C++ Implementation of Branch Tracer.

• Copyright (c) 2019 YoungJoong Kim. tf-branch-malware is licensed under the MIT license.
• This repository aims to write branch based windows debugger.

Tested Environments

• Windows 10
• Visual Studio 2019

Usage

Compile solution with visual studio or msbuild.

msbuild .\Brancher\Brancher.sln /p:configuration=Debug

Make log file on C:\dbg

mkdir C:\dbg
echo "" > C:\dbg\log.txt    # branch tracer open existing log file not creating new

Default is debug mode and it will run internet explorer as sample.
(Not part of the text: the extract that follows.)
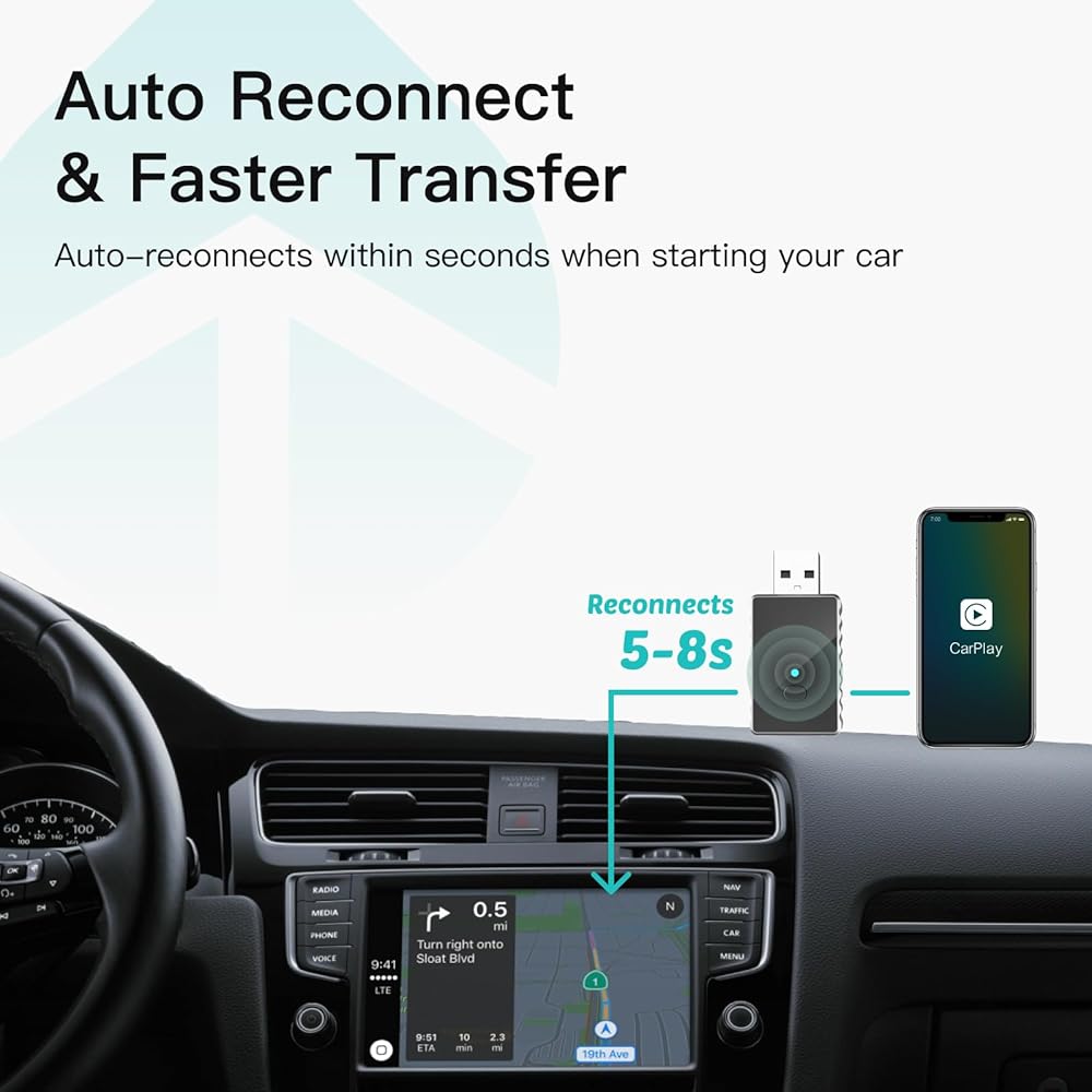 AUTO RECONNECT & FASTER TRANSFER:Auto-reconnects within seconds when starting your car. Utilizing high-speed data transfer tech, it's 3X faster transmission speed than standard adapters. Dual-band signal for zero lag, ensuring smooth navigation, music, and calls even on rough roads

CTRL + F5 to run Helper on visual studio, or run on cmd.

cd .\Brancher\Brancher
..\x64\Debug\Helper.exe     # Helper run branch tracer based on relative path

On release mode, place Brancher.dll on C:\dbg\Brancher64.dll and target program on C:\dbg\sample.exe.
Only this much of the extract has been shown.